We might also want to speak to the tradability of various occupations. Ariel Burstein, Gordon Hanson, Lin Tian, and Jonathan Vogel’s recent paper on the labor-market consequences of immigration varying with occupations’ tradability is a nice example. They use “the Blinder and Krueger (2013) measure of `offshorability’, which is based on professional coders’ assessments of the ease with which each occupation could be offshored” (p.20). When they look at industries (Appendix G), they use an approach similar to that of Mian and Sufi.

Are there other measure of tradability in the literature?
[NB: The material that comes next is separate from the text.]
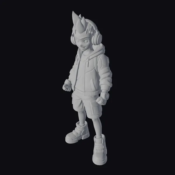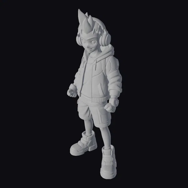 This vibrant cartoon character stands tall, clad in a striking yellow and black ensemble. The outfit consists of a zip-up jacket adorned with lightning bolts, paired with dark gray shorts and matching sneakers. A pair of headphones, complete with a distinctive yellow fin on top, adds a cool, edgy touch. The character’s red eyes gleam with determination, set against a backdrop of a confident, slightly off-balance pose. The model’s intricate details, from the texture of the clothing to the expression on the character’s face, make it perfect for use in animations, games, or virtual reality experiences.

David Atkin and Dave Donaldson are presenting this paper tomorrow afternoon at the NBER summer institute:

This paper uses a newly collected dataset on the prices of narrowly defined goods  across many dispersed locations within multiple developing countries to address the  question, How large are the costs that separate households in developing countries from the  global economy? Guided by a flexible model of oligopolistic intermediation with variable mark-ups, our analysis proceeds in four steps. first, we measure total intranational trade costs (ie marginal costs of trading plus mark-ups on trading) using price gaps over space within countries—but we do so only among pairs of locations that  are actually trading a good by drawing on unique data on the location of production  of each good. Second, we estimate, separately by location and commodity, the passthrough rate between the price at the location of production and the prices paid by inland consumers of the good. Our estimates imply that incomplete pass-through—and therefore, intermediaries’ market power—is a commonplace, and that pass-through is especially low in remote locations. Third, we argue that our estimates of total trade costs (Step 1) and pass-through rates (Step 2) are sufficient to infer the primitive effect  of distance on the marginal costs of trading; after correcting for the fact that mark-ups  vary systematically across space we find that marginal costs are affected by distance  more strongly than typically estimated. finally, we show that, in our model, the estimated pass-through rate (Step 2) is a sufficient statistic to identify the shares of social  surplus (ie the gains from trade) accruing to inland consumers, oligopolistic intermediaries, and deadweight loss; applying this result we find that intermediaries in  remote locations capture a considerable share of the surplus created by intranational  trade.

You can listen to a podcast of Donaldson presenting a much earlier version of this work from the International Growth Centre. He does a really nice job of summarizing the issues involved in inferring trade costs from price data.